Prime Minister Dmitry Medvedev even hinted that Moscow was considering its own offshore zone in the Far East--though this proposal immediately brought back memories of the last time Russia created domestic tax havens. Mikhail Khodorkovsky, the former Russian oligarch now in prison, used various internal “tax optimization” schemes that provided little legal defense when he was first prosecuted for tax evasion.
Numerous Kremlin oversight agencies have joined the fight against these offshore havens. Rosfinmonitoring, the Russian agency charged with fighting money laundering and investigating suspicious transactions, has long been perceived as having significant access to confidential banking information, which could be used as leverage over Russians sending money abroad.
The chairman of the Russian Investigative Committee, Alexander Bastrykin, however, recently complained that Rosfinmonitoring lacked certain basic investigative authority. Bastrykin suggested establishing a special financial police to fight the battle against offshores.
Meanwhile, the prosecutor’s office has been busy signing agreements with several prominent offshore zones including Luxembourg, Sri Lanka and the Dominican Republic to ensure enhanced cooperation and the exchange of information. Putin has also given the presidential administration and his longtime ally, Sergei Ivanov, the authority to review all declarations of foreign assets. This gives the executive branch access to – and significant discretion over – financial data related to the use of offshore accounts by Russian government officials.
Any aggressive public scrutiny of offshore holdings could undoubtedly cause great anxiety among the Russian elite. A recent report revealed the names of several prominent Russians, including the wife of Deputy Prime Minister Igor Shuvalov, as owners of offshore companies in the British Virgin Islands.
Russia also stands to lose significant foreign investment if global transactions are subject exclusively to Russian jurisdiction and if all major privatizations take place on the Moscow Exchange.
Many countries share Russia’s disdain for offshore banking centers, viewing them as sites for money laundering, tax avoidance and capital flight. Moreover, the plugging of one leak – in this case, Cyprus – simply redirects these licit and illicit money flows to other offshore tax havens. So the struggle is by no means over.

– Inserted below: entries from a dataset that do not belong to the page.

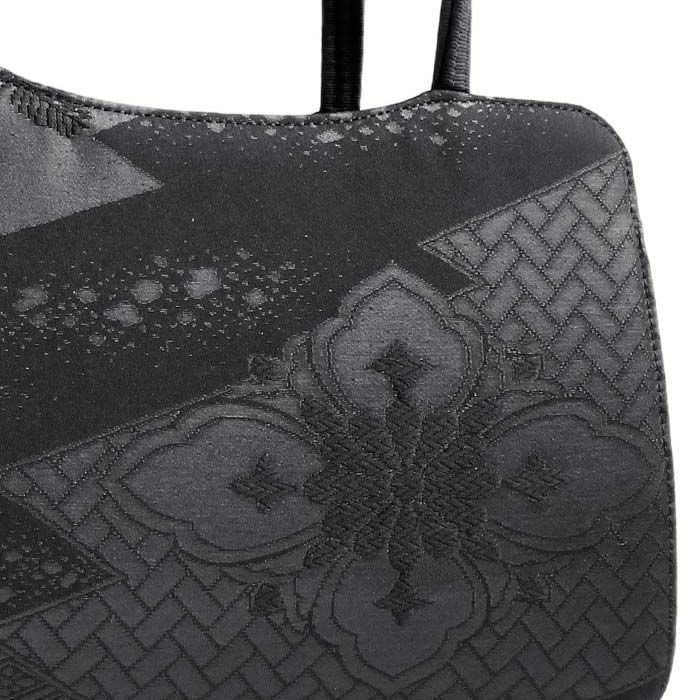 正絹黒共帯の気品ある キステオリジナル のバッグ バッグ ブラックフォーマル 利休バッグ 葬儀 葬式 お葬式 告別式 弔事 喪服 Kissteオリジナル 正絹 シルク 黒共帯 菱 亀甲 日本製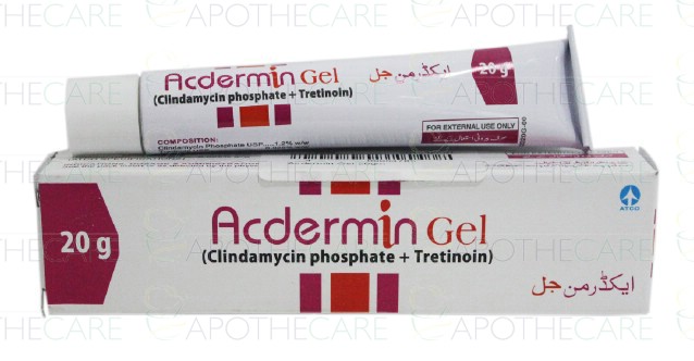 Product Name: ACDERMIN Gel 20gmProduct Form: GelPack Size: 20gmMarketed By: ATCO LABORATORIES (PVT) LTDGeneric Category: Anti-Acne Ingredients: Clindamycin Phosphate 1.2% + Tretinoin 0.025%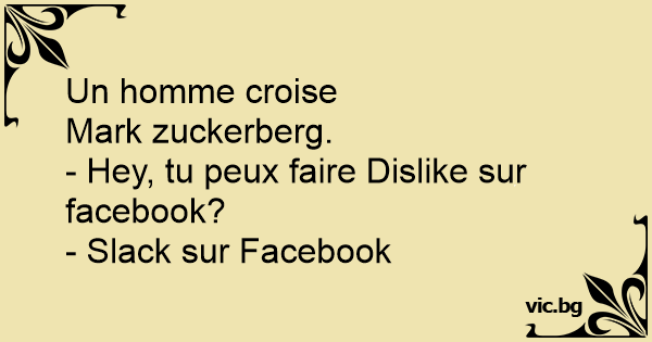 Un homme croise Mark zuckerberg.- Hey, tu peux faire Dislike sur facebook?- Slack sur Facebook 2 0 0 Blagues drôles

But for Moscow, the prospect of stemming--though probably not eliminating--the flight of Russian money carries extra significance that considerably raises the stakes in any long-term battle against offshore havens.
Putin’s call for de-offshorization is reviving a 20-year debate about property rights in Russia. As Andrei Babitskii, the editor of Esquire Russia, recently commented in the Russian business newspaper Vedomosti, private individuals have a choice: They can fight for the establishment of the “rules of the game” in their own house or they can change their place of residence.
Since the collapse of the Soviet Union, Russian oligarchs and companies have seemed content to rely on offshore tax havens to protect their wealth--as opposed to advocating for a similar sense of security in Russia. Putin’s campaign against offshore zones and his effort to have money returned could bring about a major change in the way Russians conduct business.
The nation’s leading business representatives may soon learn that the struggle to defend property rights often means a more zealous defense of one’s civil rights as well.